Page 52 of The Fake Date Deal

“What?” Sandro smirked. “Hey, when’s the wedding?”

Something snapped deep inside me. I felt it go. Frustration surged through me. Anger. Resentment. She’d marry Rafael for what, for her parents? Commit to a life she didn’t want? All that for him, and for me, what? What? I’d been there, supported her, made her look good. Held her when she needed it. Got her that commercial. I’d been ready to, yeah, be boring for her. To be domestic, to be a ‘we.’ I’d have given things up for her, whole parts of my life, and all she could do was run off to New Zealand? Ditch me, move on like I never mattered? Like all I’d been was some tool in her toolbox?

“No wedding,” I said. “We’re not like that.”

Sandro shot me a doubtful look. “Then what are you like?”

“We’re like, uh, we…” A mean inspiration struck, a rotten impulse. I grinned like an asshole, greasy and slick. “Being with Eve, it’s like eating peaches. Juicy, refreshing, a sweet summer treat. But the reason it’s good is, the season is short. We’ll be done in a week or two. I’ll be back on the scene.”

Danny whistled. “That’s harsh.”

Chet scowled. “You mean that?”

My foolish resentment fell in on itself. I saw myself in that moment like the guys must have seen me, puffed up and crowing like the world’s biggest dick.

“We were teasing,” said Sandro. “We thought you were happy.”

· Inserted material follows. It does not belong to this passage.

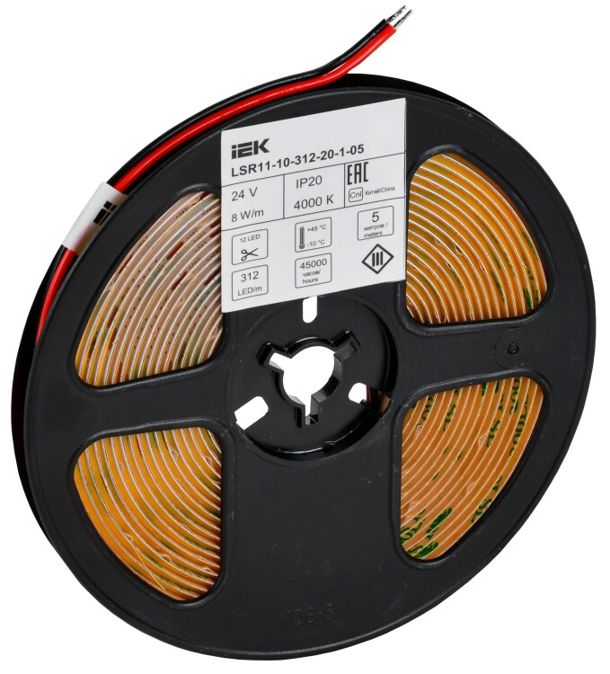 Низковольтная светодиодная лента 24 В COB с количеством 312 светодиодов на 1 м торговой марки IEK позволяет создавать декоративное освещение мебели, ниш, барных стоек, окон и витрин, а также подсветку деталей интерьера: многоуровневых и подвесных потолков, карнизов, плинтусов. В отдельных случаях используется в качестве основного освещения.

I stood feeling stupid and small and ashamed. Hadn’t I been happy? Of course I had. Eve hadn’t lied to me or led me on. If I wanted more than she did, that was on me. But I’d never even had the courage to stand up and ask her.

“I have to go,” I said.

“No, Marco, wait!” Danny started after me, but I strode out. I couldn’t leave it even one second more. I had to get to her, tell her?—

“Where are you going?” Glen jumped out from nowhere. I tried to push past him.

“Out of my way.”

“Not now you don’t. The photo crew’s waiting.”

I stared at him. “What?”

“The behind-the-scenes spread. You signed off, remember?”

I stared at him blankly. He threw up his hands.

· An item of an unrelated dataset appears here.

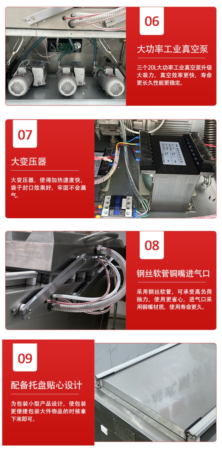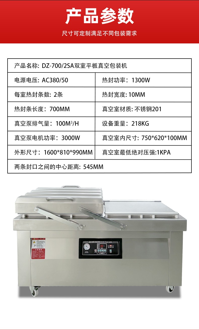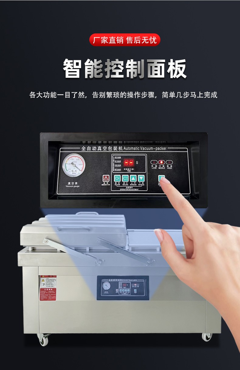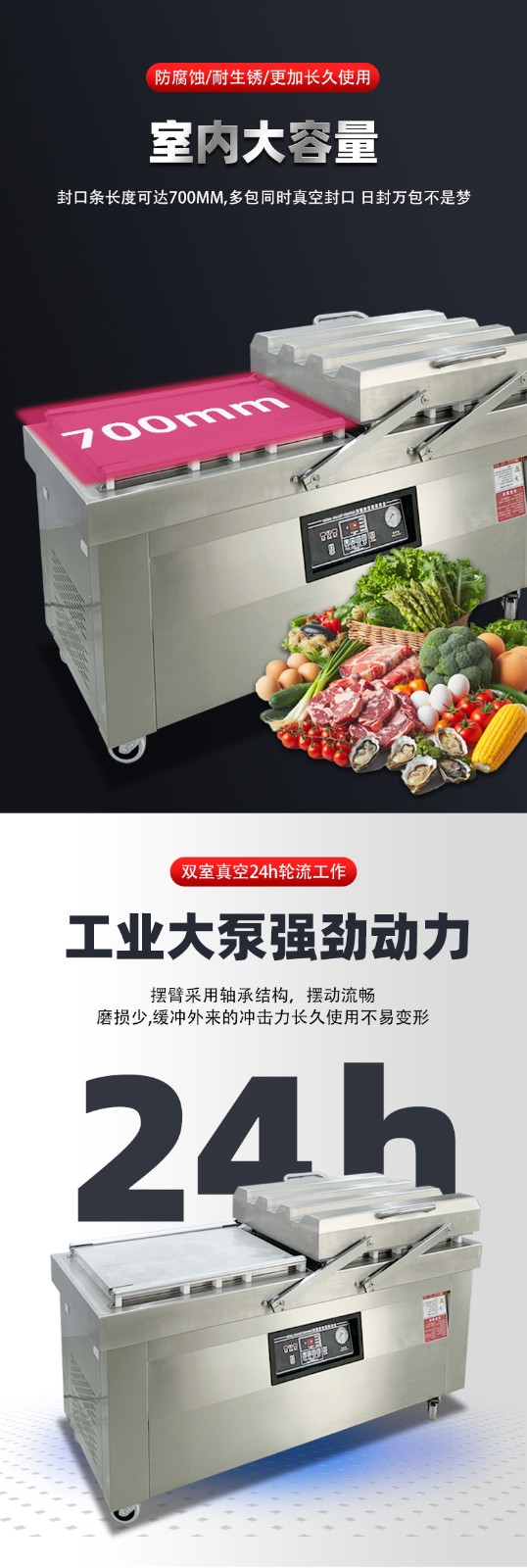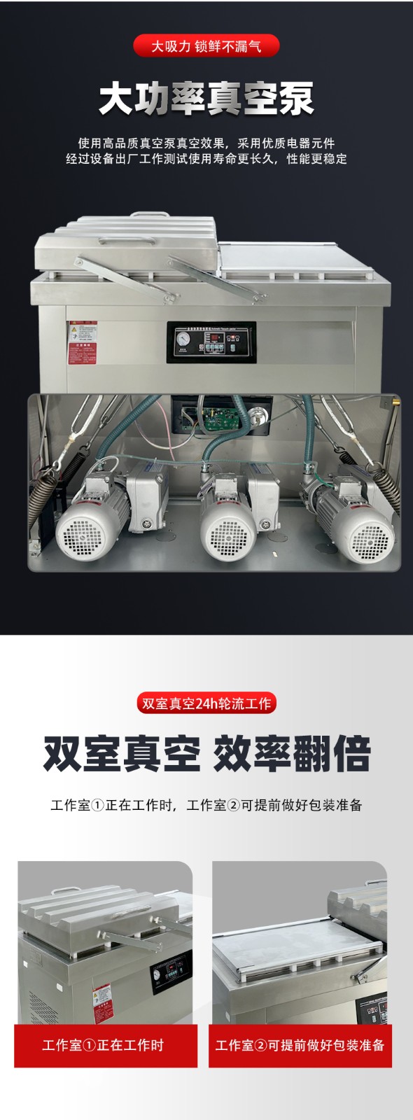 - 交替作業,效率提升 50% 以上雙室機型的兩個真空室可實現 “一工一備”:當其中一個真空室正在進行抽真空、熱封作業時,操作人員可以在另一個真空室完成物料擺放、袋口整理的準備工作。單室機型則必須等抽真空 - 熱封 - 開蓋取件整個流程結束后,才能進行下一批物料的擺放,存在明顯的操作等待空窗期。同等規格下,雙室機的單位時間包裝量是單室機的 1.5-2 倍,尤其適合中小型加工廠的連續批量生產。

“For Drivers’ World. Now move it, come on. We’ve just got time left before the race starts.”

Next thing I knew, I was back in my room, posing with my books. Faking my ritual. The camera guy kept yelling relax, but all I could think of was Eve in the stands. Eve out there not knowing how I really felt. I had to get to her, lay it all out. She had to know how special she was. How she made my heart race. Even if she didn’t feel how I felt, I needed her to know she had me. I was hers. I knew, as well, what I should’ve said to Sandro: falling in love didn’t make a man boring. The boring part was the partying, the nights out, the hunt. Love was the point of it. The start, not the end.

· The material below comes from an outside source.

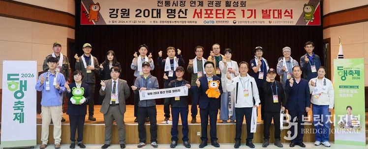 브릿지저널 윤나영 기자 | 강원관광재단, 강원지방중소벤처기업청, 소상공인시장진흥공단 강원지부은 ‘2025-2026 강원 방문의 해’를 맞아 강원 20대 명산 홍보와 전통시장과 연계를 통한 지역 경제 활성화를 위해 4월 17일 14시, 강원지방중소벤처기업청 대회의실에서 ‘강원 20대 명산 서포터즈 1기’ 발대식을 개최했다.

I scanned the stands at the start of the race, but the crowd was too tight-packed. I couldn’t find Eve. My heart battered hard on the cage of my ribs. She was up there. Of course she was. But where, where…

Next thing I knew, I was gripping the wheel. Racing to get to her, to our big moment. I couldn’t think about winning, or anything else. Only her, only Eve at the end of the race. She was my prize now, and my destination. My world was the track, and the track was a road, and she was at the end of it. I had to get to her.

The tarmac flashed by me, the stands and the lights. The sky dimmed through all shades of late afternoon, shadows lengthening with deepening dusk. An impossible vision filled my heart and my head: the race done and won, and I leapt from my car. Eve was there waiting, bathed in starlight. I ran to her, held her, buried my face in her hair. Told her I loved her. She whispered it back. The roar of the track and the crowd fell away, leaving the two of us to seal our love with a kiss.

I almost missed the last lap, caught up in my vision. Almost kept driving and driving forever. Or until they stopped me, whichever came first. I stepped out only dimly knowing I’d won, searching already for Eve in the stands. I still couldn’t find her. Had she slipped down to meet me?

Cameras flashed, bright in the twilight. Someone, maybe Danny, clapped me on the back. I grinned, raised my arms, but where was Eve? I’d come so far to get to her. Driven so fast. The lights were too bright, obscuring the stands. Maybe she’d gone on ahead to my room. A microphone thrust its blunt nose in my face.

“—quite a winning streak! What’s your next challenge?”

“Ready for your rematch with Prince Rafael?”

“Any time, any place. He knows where to find me.” I was babbling, making no sense. Rafael didn’t have to come find me. Our next race was set in just over a week. But all I could think of was getting to Eve. Everything else was so much background noise. I peered over the cameras to scan through the stands, but she wasn’t up there or down on the track. She wasn’t anywhere I could make out.

“What’s your strategy, Marco? To beat Rafael?”

I smiled, still searching. Manufactured a laugh. “I’d better not say,” I said. “Might tip my hand.”